What’s a family? As country clubs wrestle with the question of golf rights for `significant others,’ a lawsuit by gay partners could have far-reaching consequences
Marcia Chambers
The bedrock of country club life in America is marriage and the family. It is the unit upon which club policies are built in every area: membership, voting rights, inheritance, access to the golf course. But lifestyles have changed. How couples live today is vastly different than how they lived when country clubs took form more than a hundred years ago.
Twenty years ago, no country club in the nation would give a member’s steady girlfriend the same rights as a spouse. These days, some clubs have adopted a policy, known typically as “the significant-other rule,” that permits full golf rights, some even permitting a new person to be named on a yearly or less than yearly basis. The force for change has come from long-term members, typically widowers who don’t want to remarry for financial or tax reasons. Or the push comes from single or divorced members who have a steady relationship and want their partners to play golf at the club.
But what if the couple is of the same sex? In a lawsuit believed to be the first of its kind in the nation, a gay couple has asserted discriminatory practices at a country club. “The issue is fear,” says Bill McMahon Sr., chairman of the McMahon Group Inc., a consulting firm for private clubs. “Members believe the gay issue will threaten the fabric of family life. The older generation cannot understand it at all.”
Enter Birgit Koebke, or B., as she is known, a 46-year-old sales and marketing executive. Koebke has been a member at Bernardo Heights Country Club outside San Diego for 16 years. According to a 2001 club survey, the average age at Bernardo Heights, a club with approximately 350 regular members, is 67. The club profile says the “average member” has no children who use the club and does not use the club to entertain socially or for business.

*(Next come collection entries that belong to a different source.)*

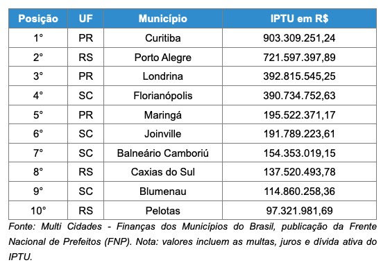 RANKING – AS 10 MAIORES ARRECADAÇÕES DE IPTU NO SUL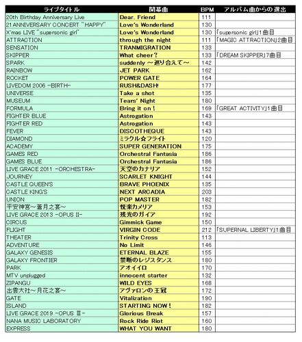 2019年10月3日にツイッターに投稿した調査。 水樹奈々さんのライブでは、開幕曲は重複しません(ただし、2001年に行われた「 21ANNIVERSARY CONCERT "HAPPY"」「X'mas LIVE "supersonic girl"」は二つとも開幕曲が「Love's Wonderland」。) この事実に基づい…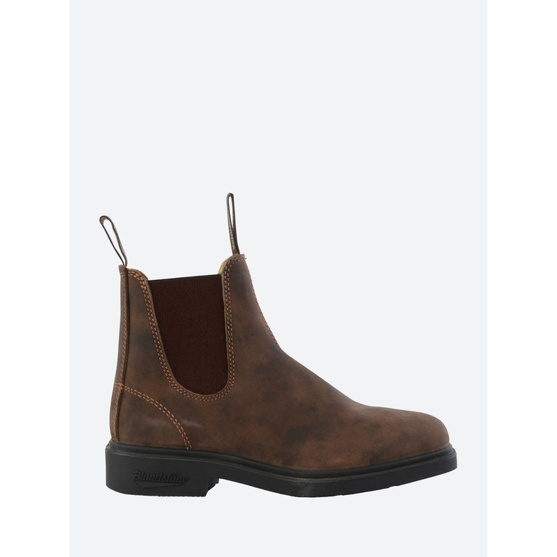 Classic good looks meet true comfort and durability, the #1306 Dress boots come in Blundstone's signature rustic brown leather and feature a lean profile and chisel toe.Ankle heightElastic side gussetsTwo pull tabsChisel toeWater resistantThermo-polyuretha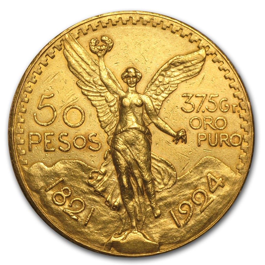 1924 Mexico Gold 50 Pesos Gold Content = 1.2057 oz. Better early date!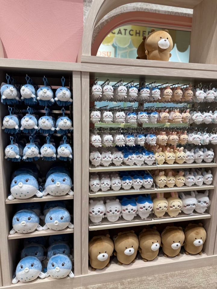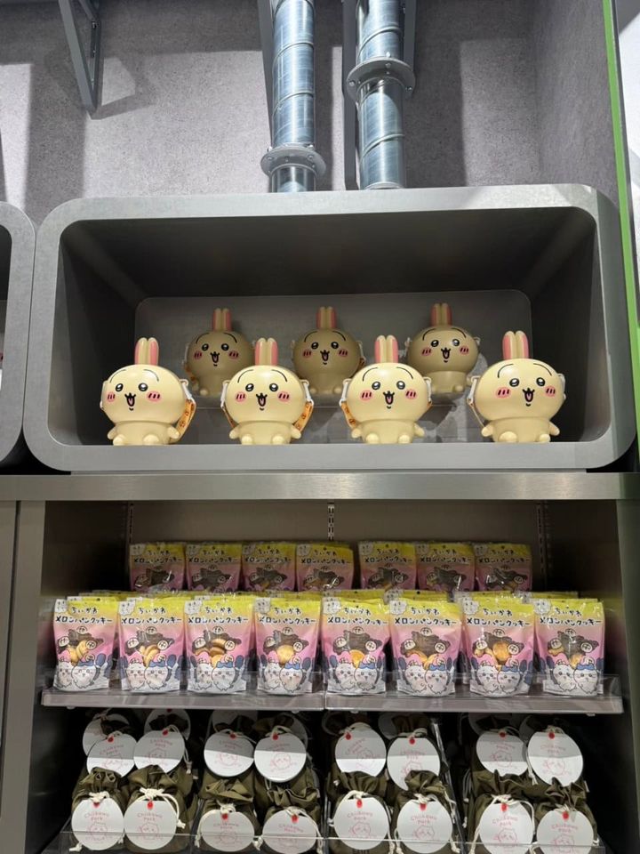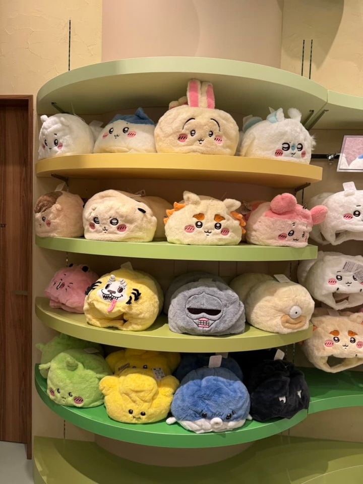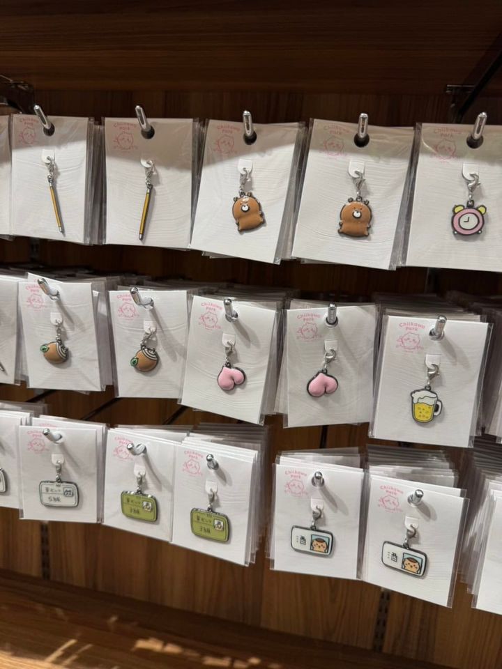 展示エリアを存分に楽しんだ後は、1Fのショップエリアへいざ。はい、やばいです。欲しいものだらけなので、みなさん覚悟して行きましょう。ちいかわパーク限定アイテムをはじめ、カスタムできるチャームなど、ここでしか手に入らないグッズが多数! 気になったものをご紹介しますね。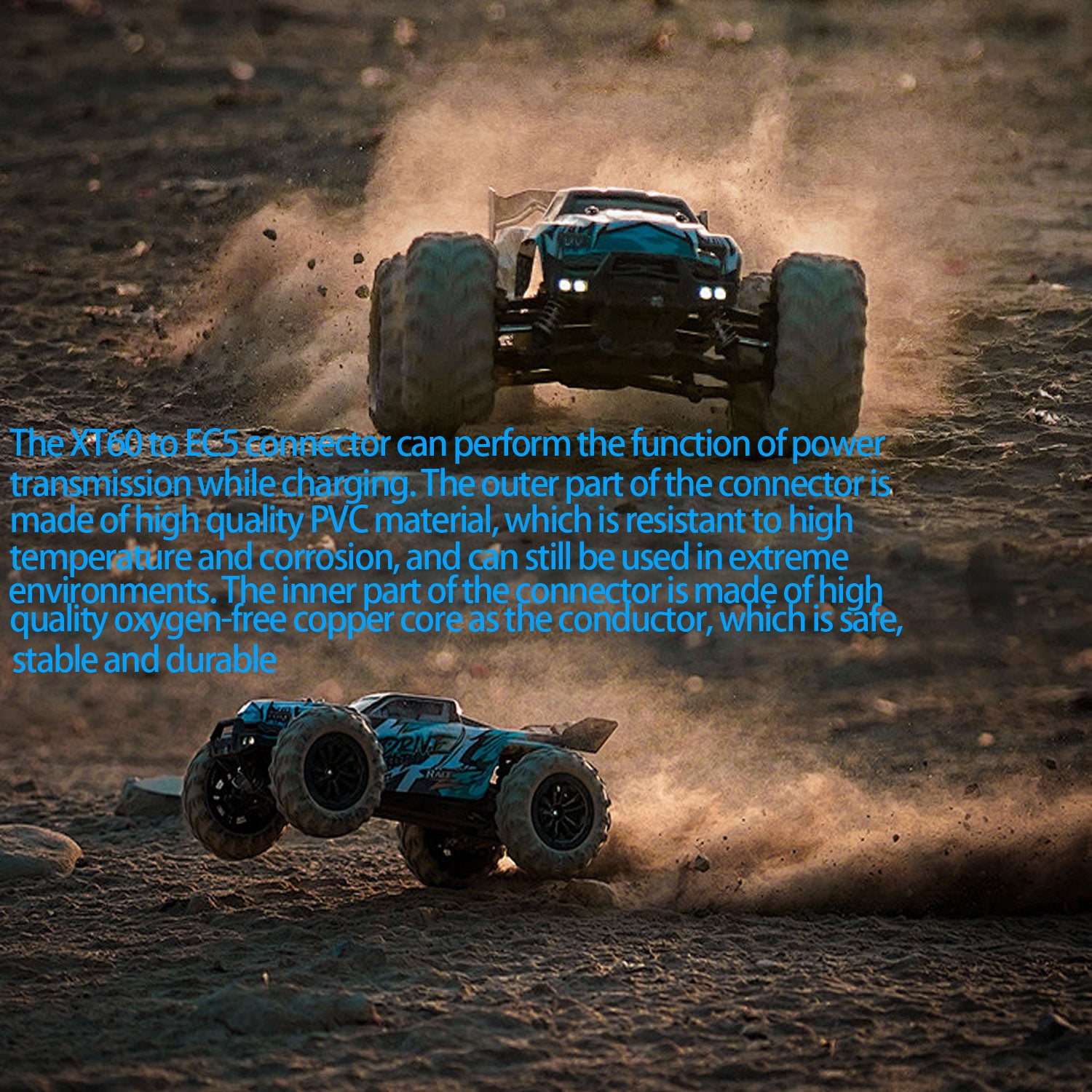 - Material: XT60 to EC5 The connector is made of high quality PVC insulation on the outside, which has good corrosion resistance and high temperature resistance Pure copper core is used as the conductor inside Conductivity is high Electrical properties are good Safety and stability Durability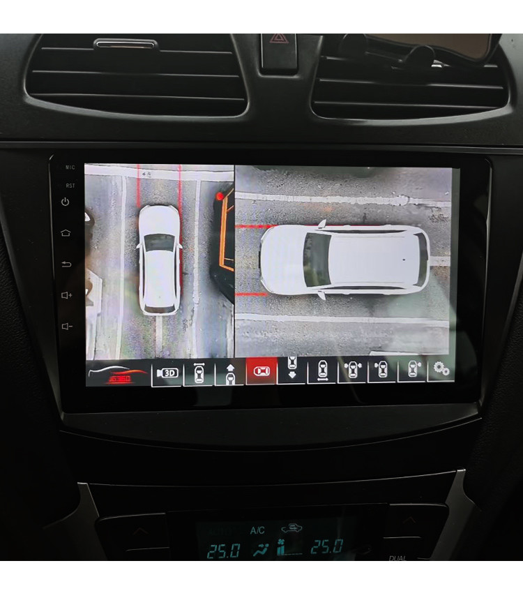 The system provides a full 360° view around the vehicle, ensuring complete visibility of the surroundings. This feature helps eliminate blind spots and provides safer parking and reversing by giving drivers a clear view of obstacles, pedestrians, and other vehicles.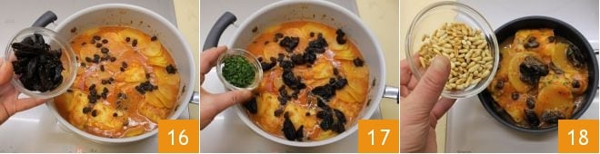 the plums 16 and the chopped herbs 17; continue cooking for another 5 minutes. Finally, plate the dish and garnish the cod with the toasted pine nuts 18.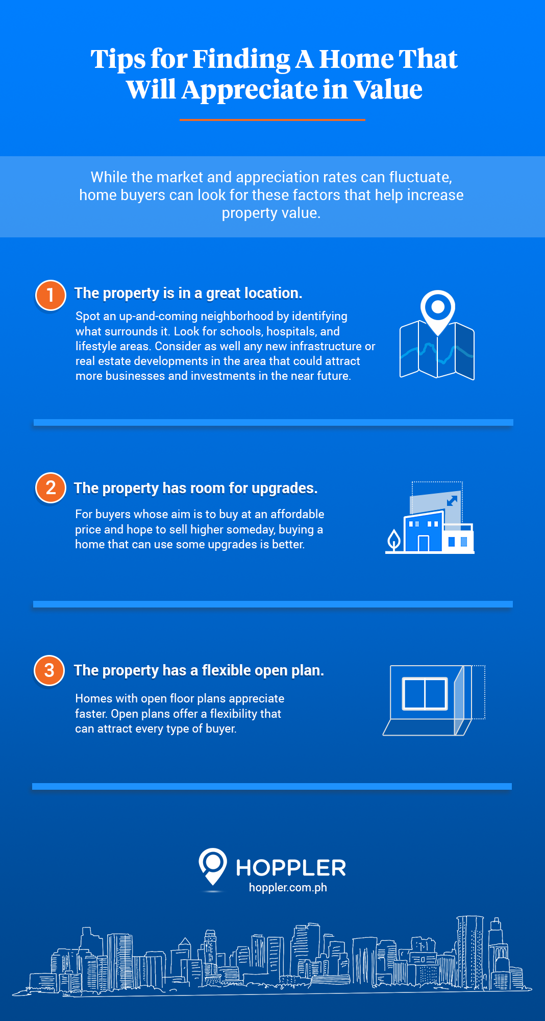 But physical characteristics – like the neighborhood it’s located in, home features, and layout – can increase the value of a home. Thus, home buyers should keep an eye out for these factors if they are aiming to buy a home that will appreciate for future resale purposes.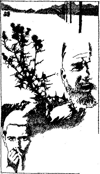 …В вечерний час, когда валилась на землю южная ночь и прохлада, хорошо было сидеть на лавочке у забора под могучим тутовым деревом и слушать замирающие хозяйственные стуки в деревне, обонять запах дыма и не думать совсем ни о чем. На круглом великаньем столе стояла керосиновая лампа. В желтом свете янтарно отблескивали графины с вином. За столом на странных высоких табуретах, вроде как в баре, сидели старики. Свет лампы снизу освещал лишь твердые подбородки в седой щетине и седые усы. Выше усов находились лица в полумраке. Когда Рощапкин вошел в сопровождении хозяина, один из стариков, сидевших спиной к двери, покачнулся на высоком табурете и начал медленно падать. Когда все мыслимые возможности равновесия уже были нарушены, старик вдруг гибко выпрямился и снова замер на табурете, недвижимый, как скала. — Он думает, что он на коне едет. Ха-ха! — сказал хозяин. В то же время громадная его ладонь ловко управляла рощапкинскими движениями: протолкнула мимо непомерного шкафа, стоявших на полу кувшинов и бутылок и последним толчком пододвинула к табуретке. Сейчас же из темноты вынырнула вторая громадная ладонь, и из недр ее появился стакан. На стакане обычного стекольного производства чья-то затейливая рука нарисовала красками сцену: очень крутые скалы и горы, а с гор идет усатый красавец с ружьем и несет на плече серну. На другой стороне стакана были нарисованы те самые цветы, которых нет ни в одном ботаническом атласе мира. Рощапкин присмотрелся к полутьме и увидел, что за столом сидят еще четыре старика. Они сидели в темноте, как нахохленные белоголовые коршуны, и приветливо улыбались. Не улыбался только тот, кто сидел, положив голову на руки. Но и он на мгновение поднял голову, сверкнул зубами и сказал: «Гаумарджос», протянул через стол темную руку. Рощапкин привстал, тогда и старик встал. Он оказался крохотного роста. На поясе висел громадный кинжал. — Это хевсур, — сказал хозяин. — Хевсур без кинжала не ходит. Старики повернули к хозяину коршуньи головы, и тот перевел речь по-грузински. Старики радостно заулыбались. Зубы их так и сверкали в темноте. Неожиданно хозяин постучал по стакану вилкой и заговорил страстным голосом. Старики положили руки на стол и молча слушали хозяина. Хозяин ораторствовал. Голос его раскатами проносился по комнате. Наконец Рощапкин услышал знакомое «гаумарджос», старики зажали в руках стаканы, но не пили, ибо хозяин заговорил по-русски: «Этот бокал мы пьем…» И наконец все сделали тот неуловимый по артистичности эллипсоидный жест стаканом: к груди, вбок, вверх и к усам. «Дурак, что не стал математиком», — отрешенно подумал Рощапкин, глядя на эллипс. Глухая ночь катилась за окном, когда его разыскал счастливый Кекец. Неумолимые старики все качались на стульях, но ни один из них так и не упал. При каждом тосте тамады-хозяина они строго выпрямлялись и делали свой жест стаканом, не забыв его выпить до дна. Хозяин же был, что говорится, ни в одном глазу. Иногда он забывал переводить тосты, но Рощапкину казалось, что он и так все понимает, ибо содержание тостов, как он догадался, шло от вифлеемских времен и оставалось неизменным. Менялась только их очередность. Где-то в третьем часу ночи Диамар Рощапкин вспомнил, что он историк, и провозгласил тост за великого грузина Георгия Саакадзе. При имени Саакадзе дремавшие стар

Koebke met Kendall E. French, a 40-year-old director of customer care in the automobile industry, in 1992, six years after joining the club. By 1993 they were living together, sharing a home in San Diego. Koebke and French refer to each other as life partners and are registered as domestic partners in the city of San Diego and in the state of California.
At the heart of the case is the issue of spousal rights. For the past 10 years, French has had to play as a guest at Bernardo Heights, limited to six times a year at $70 per round. Any married member at Bernardo Heights has privileges not only for a spouse but for all children younger than 22 living at home. And in recent years, the club extended free playing privileges to grandchildren.
The Bernardo Heights board for years has refused Koebke’s requests for golf privileges for French. The club’s position is that unlimited spousal golf privileges are only for legally married partners, a requirement that Koebke and French cannot fulfill under California law. The women filed the lawsuit in May 2001, lost the first round in July 2002 and have now appealed. Lambda Legal, the nation’s most prestigious legal organization supporting the civil rights of gay men and women, is handling the appeal.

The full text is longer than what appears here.